FACTS: An action to recover damages


for the loss of an eye and other injuries, instituted by David Taylor, a minor, by his father, his
nearest relative. The defendant is a foreign corporation engaged in the operation of a street railway
and an electric light system in the city of Manila.The plaintiff, David Taylor, was at the time when he
received the injuries complained of,15 years of age. On the 30th of September , 1905 David together
with his companion Manuel Claparols went to the companys premises and found some twenty or
thirty brass fulminating caps scattered on the ground. They tried to break the cap with a stone and
hammer but failed, so they opened one of the caps with a knife and finding that it was filed with a
yellowish substance they lighted it with a match and explosion followed causing them more or less
injuries and to the removal of the right eye of David. So this action arises and the trial court ruled in
favor of the plaintiff.
RULING OF THE LOWER COURT: The claim of the plaintiff shows that evidence in the record
sufficiently establishes the contrary, and justifies the court in drawing the reasonable inference that
the caps found on its premises were its property. Thus, applying the provisions of the Articles 1089
of the Civil Code read together with articles 1902,1903, and 1908 of that Code, the company is
liable for the damage which was occurred. Not satisfied with the decision of lower court, counsel
for defendant and appellant rests his appeal strictly upon his contention that the facts proven at the
trial do not establish the liability of the company under the provisions of these articles.

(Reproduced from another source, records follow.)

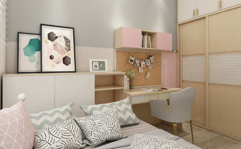 兒童房為榻榻米房間,在孩子成長的過程中,滿足各個(gè)階段的收納需求,既可以作為書房使用,也可以作為睡眠的區(qū)域,多功能為一體。因?yàn)榭紤]到兒童房,柜體臺面也多為圓角處理。
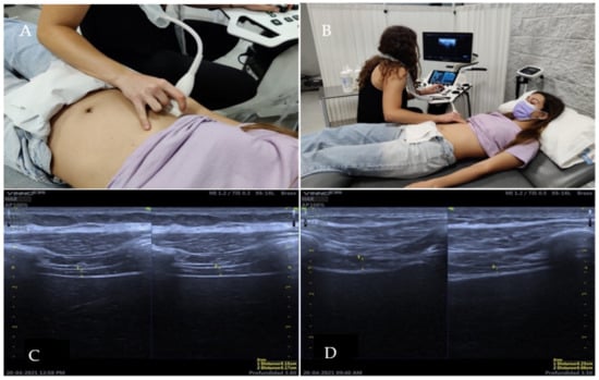 Ultrasound imaging and ultrasonography of the RA. (A) represents the RA muscle thickness at rest. (B) corresponds to the transducer position above the navel and right by the linea alba.
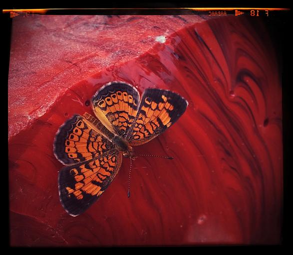 Keywords: butterfly insect hot springs arkansas glass scrap orange rock shop stripes animal nature flight alight striped horizontal curiosity small

ISSUE: Whether or not David is entitled to damages
HELD: In the case at bar, we are satisfied that the plaintiff in this case had sufficient capacity and
understanding to be sensible of the danger to which he exposed himself when he put the match to
the contents of the cap; that he was sui juris in the sense that his age and his experience qualified
him to understand and appreciate the necessity for the exercise of that degree of caution which
would have avoided the injury resulted from his own deliberate act; and that the injury incurred by
him must be held to have been the direct and immediate result of his own willful and reckless act,
so that while it may be true that these injuries would not have been incurred but for the negligent
act of the defendant in leaving the caps exposed on its premises, nevertheless plaintiffs own act
was the proximate and principal cause of the accident which inflicted the injury .We think it is quite
clear that the immediate cause of the explosion ,the accident which resulted in plaintiffs injury
,was his own act in putting a match to the contents of the cap, and that having contributed to the
principal occurrence, as one of its determining factors, he can not recover. Twenty days after the
date of this decision let judgment be entered reversing the judgment of the court below, without
costs to either party in this instance, and 10 days thereafter let the record be returned to the court
wherein it originated, where judgment will be entered in favor of the defendant for the costs in first
instance and the complaint dismissed without day. SO ORDERED. Judgment reversed.